Supplied records:
* * * * * * *

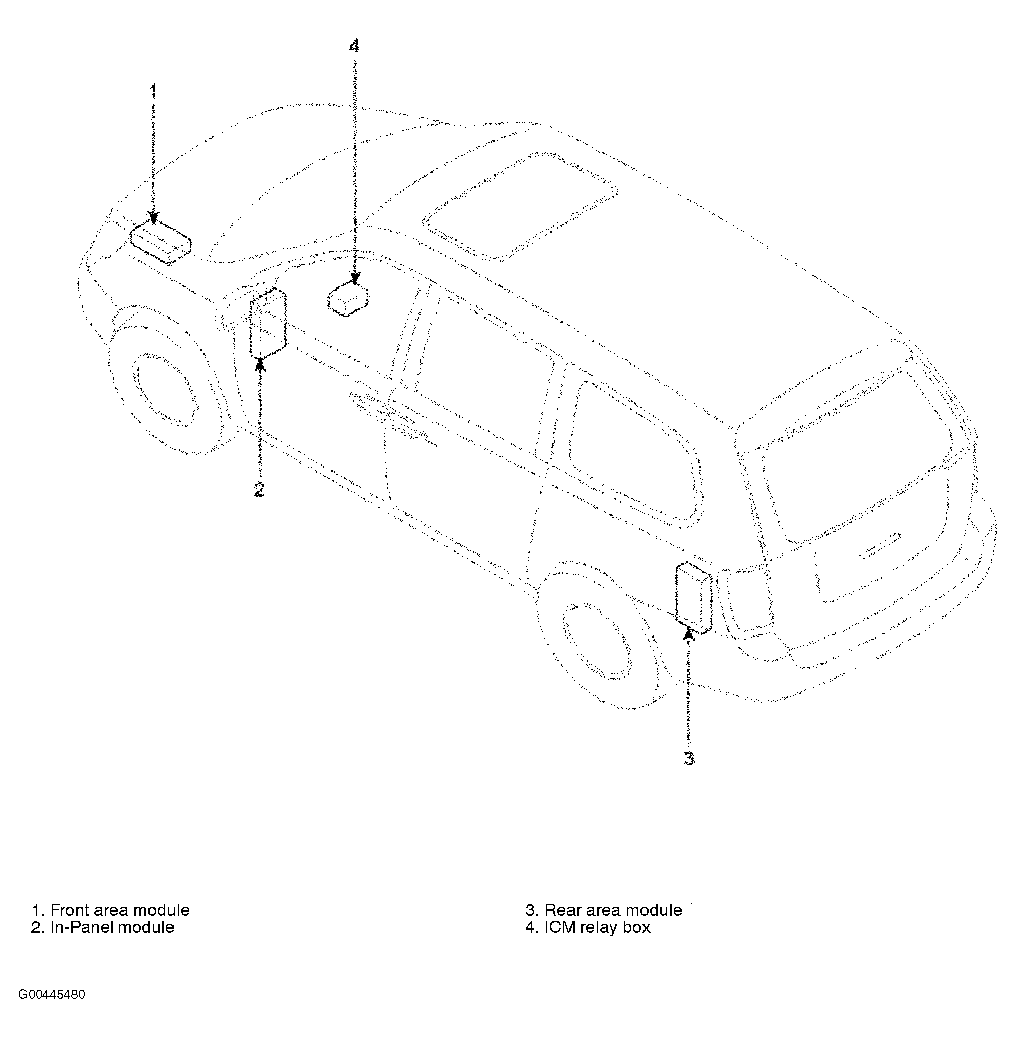 | RAM (Rear Area Module) (3) | Left rear corner of vehicle. See Figure. |
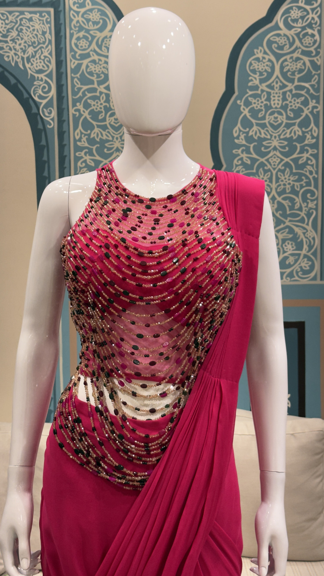 This hot pink ready-to-wear saree features a dramatic beaded blouse with cascading embellishments and a sleek, flowy drape. Designed for effortless glamour, it’s an ideal pick for parties, receptions, and evening celebrations. ?
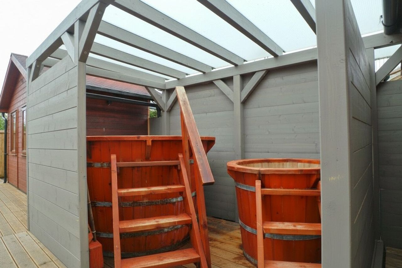 WELLNESS-OASE - Saunahaus mit Dusche & Holzbadefass
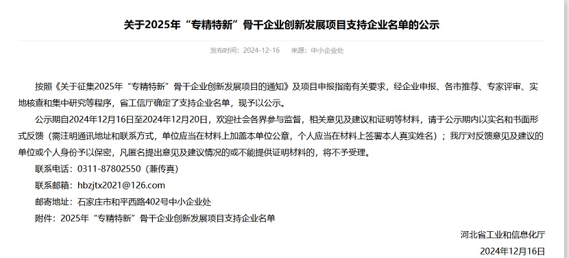 公司入圍河北省“專精特新”骨干企業創先發展項目名單
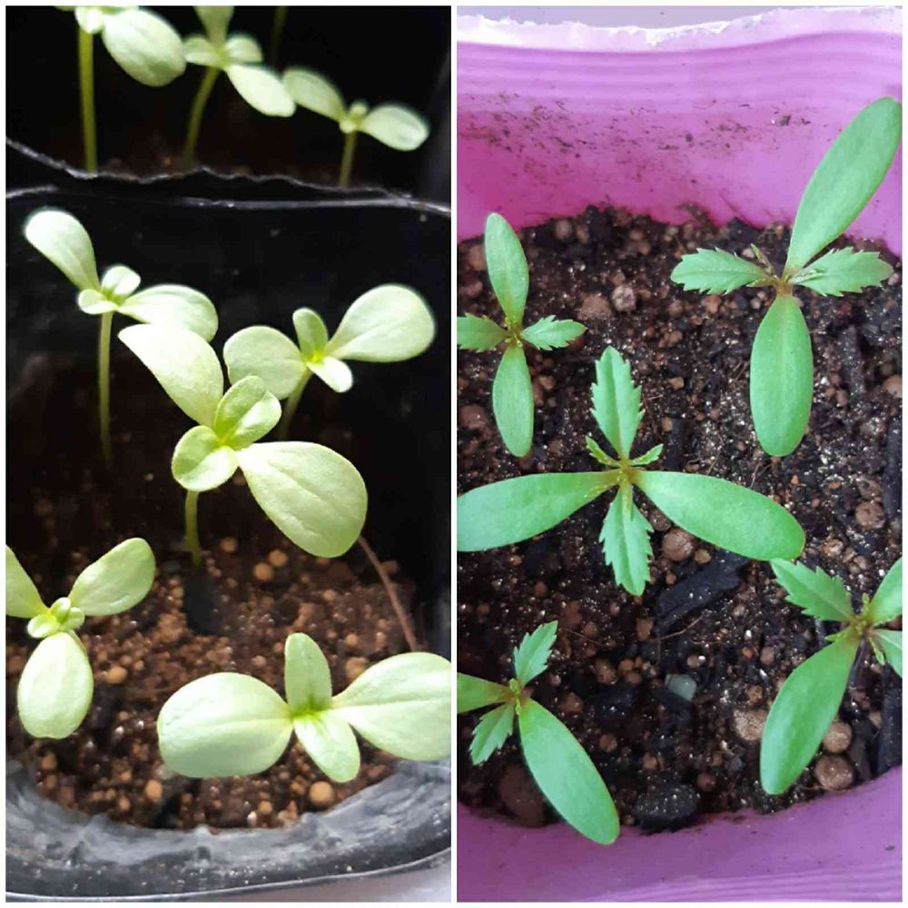 育苗中のジニア、クイーンライムと、アフリカンマリーゴールド(ホワイトバニラ)
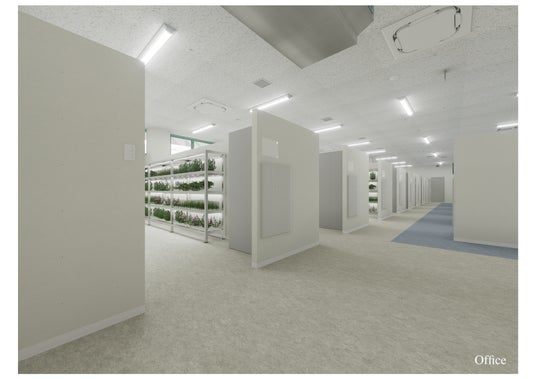 - IBUKIステーションとオフィスの一体化オフィス(栽培エリア)で働く障害者や管理者からIBUKIステーション(スタートライン事務所)が見えることで、見守られているという安心感を醸成。
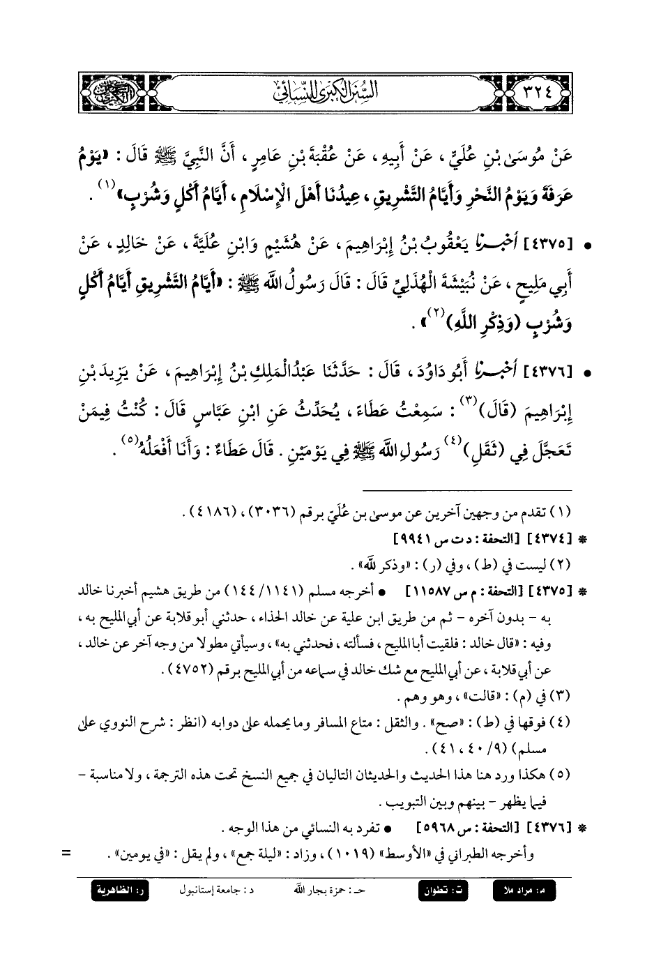 4375- أَخبَرنا يَعقُوبُ بنُ إِبرَاهِيمَ، عَن هُشَيْمٍ، وَابْنِ عُلَيَّةَ، عَن خَالِدٍ، عَن أَبي مَلِيحِ، عَن نُبَيْشَةَ الهُذَلِيِّ، قَالَ: قَالَ رَسُولُ اللهِ صَلى الله عَليه وسَلم: أَيَّامُ التَّشْرِيقِ أَيَّامُ أَكْلٍ وَشُرْبٍ، وَذِكْرِ اللهِ.
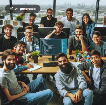 A friendly photo of the team of game developers, capturing a welcoming and approachable brand vibe.
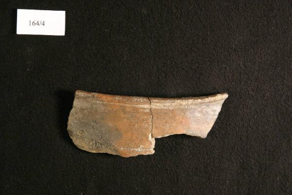 orlo ingrossato e distinto verso l'estreno piatto, labbro verticale a profilo rettilineo, carena netta.
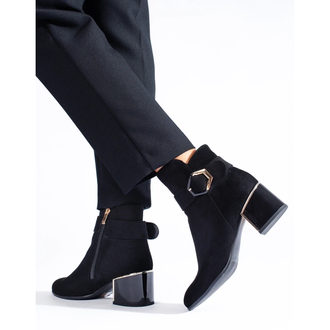 Eleganta kvinnorstövlar på en låg post - svart, ekologisk mocka
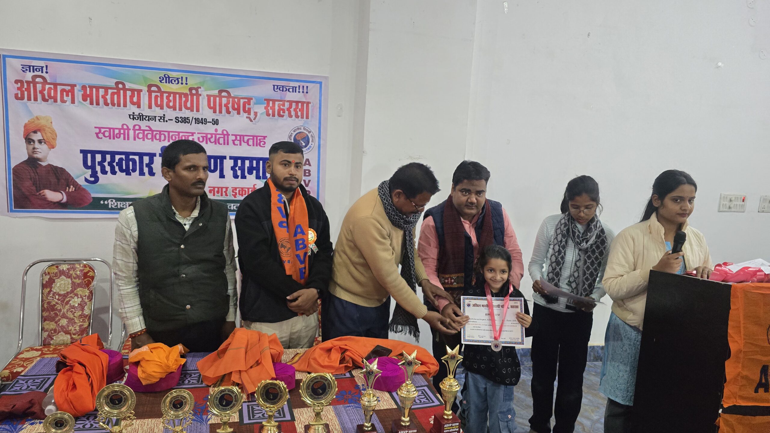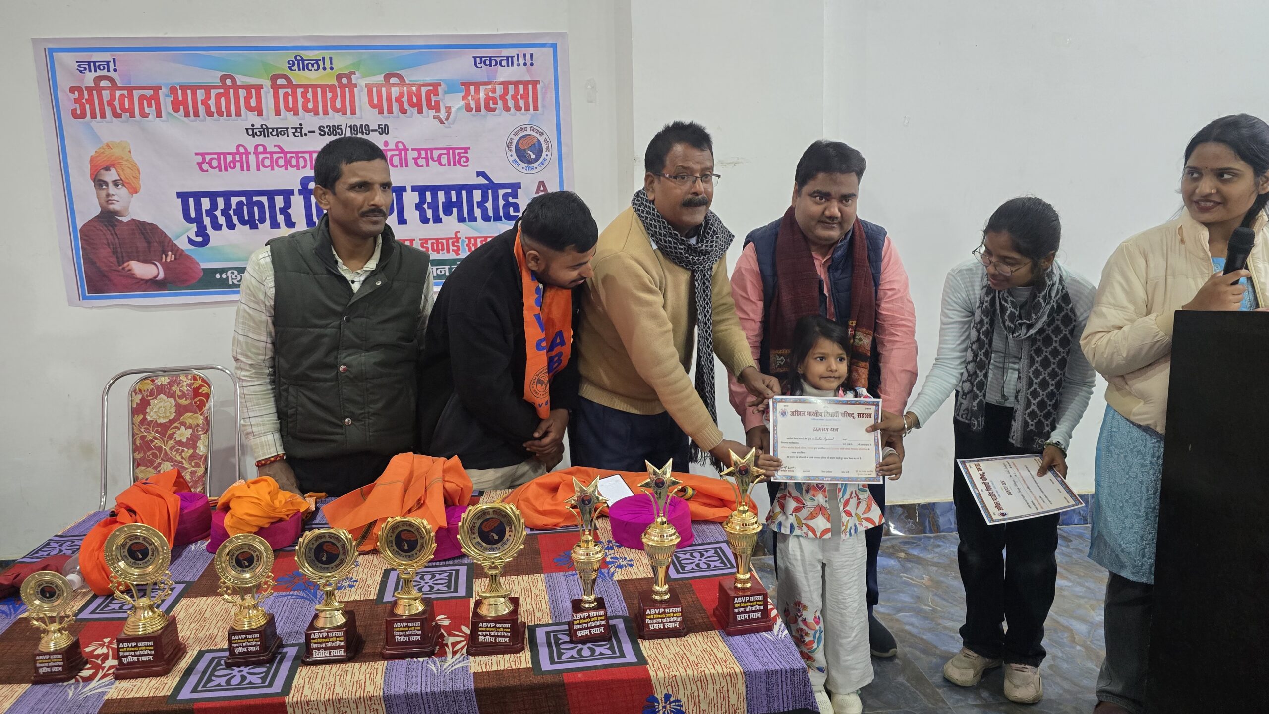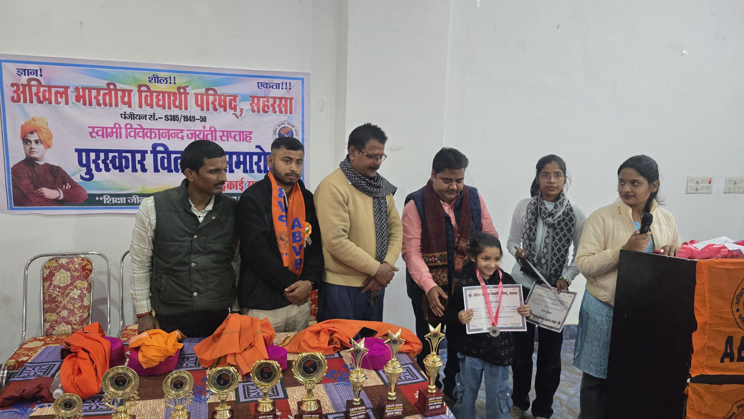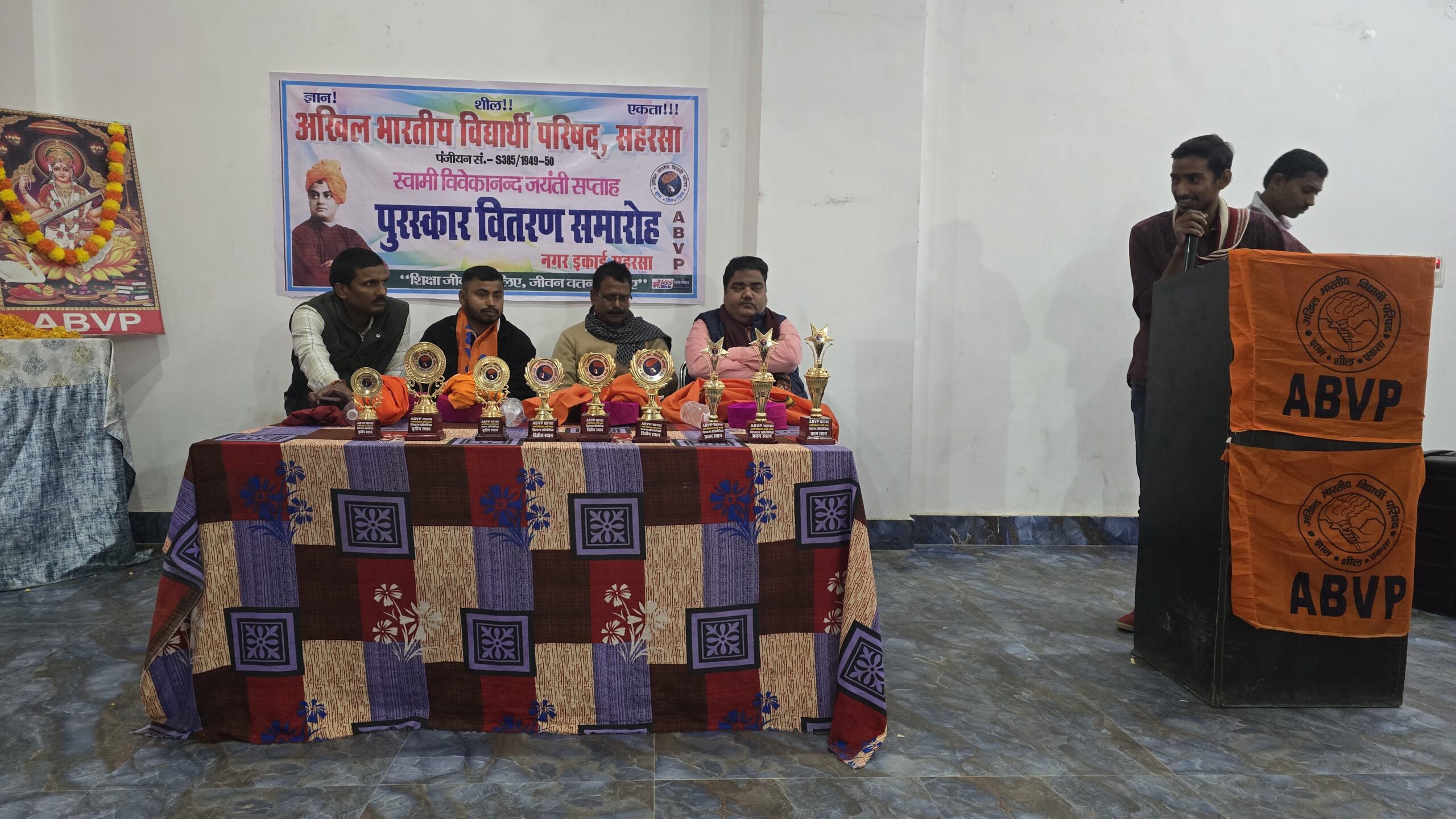 मधेपुरा। स्वामी विवेकानंद जयंती एवं राष्ट्रीय युवा दिवस सप्ताह के उपलक्ष्य में अखिल भारतीय विद्यार्थी परिषद (अभाविप), सहरसा द्वारा गुरूवार को एक स्थानीय विवाह भवन में पुरस्कार वितरण समारोह का आयोजन किया गया। इसमें मुख्य रूप से गत दिनों शहर के विभिन्न संस्थानों में आयोजित प्रतियोगिता के प्रतिभागियों को प्रमाण-पत्र एवं पुरस्कार प्रदान किया गया।

* * * * * * *

Task details: Write all the lines above out again exactly, minus the images.

Result:
 | RAM (Rear Area Module) (3) | Left rear corner of vehicle. See Figure. |
 This hot pink ready-to-wear saree features a dramatic beaded blouse with cascading embellishments and a sleek, flowy drape. Designed for effortless glamour, it’s an ideal pick for parties, receptions, and evening celebrations. ?
 WELLNESS-OASE - Saunahaus mit Dusche & Holzbadefass
 公司入圍河北省“專精特新”骨干企業創先發展項目名單
 育苗中のジニア、クイーンライムと、アフリカンマリーゴールド(ホワイトバニラ)
 - IBUKIステーションとオフィスの一体化オフィス(栽培エリア)で働く障害者や管理者からIBUKIステーション(スタートライン事務所)が見えることで、見守られているという安心感を醸成。
 4375- أَخبَرنا يَعقُوبُ بنُ إِبرَاهِيمَ، عَن هُشَيْمٍ، وَابْنِ عُلَيَّةَ، عَن خَالِدٍ، عَن أَبي مَلِيحِ، عَن نُبَيْشَةَ الهُذَلِيِّ، قَالَ: قَالَ رَسُولُ اللهِ صَلى الله عَليه وسَلم: أَيَّامُ التَّشْرِيقِ أَيَّامُ أَكْلٍ وَشُرْبٍ، وَذِكْرِ اللهِ.
 A friendly photo of the team of game developers, capturing a welcoming and approachable brand vibe.
 orlo ingrossato e distinto verso l'estreno piatto, labbro verticale a profilo rettilineo, carena netta.
 Eleganta kvinnorstövlar på en låg post - svart, ekologisk mocka
 मधेपुरा। स्वामी विवेकानंद जयंती एवं राष्ट्रीय युवा दिवस सप्ताह के उपलक्ष्य में अखिल भारतीय विद्यार्थी परिषद (अभाविप), सहरसा द्वारा गुरूवार को एक स्थानीय विवाह भवन में पुरस्कार वितरण समारोह का आयोजन किया गया। इसमें मुख्य रूप से गत दिनों शहर के विभिन्न संस्थानों में आयोजित प्रतियोगिता के प्रतिभागियों को प्रमाण-पत्र एवं पुरस्कार प्रदान किया गया।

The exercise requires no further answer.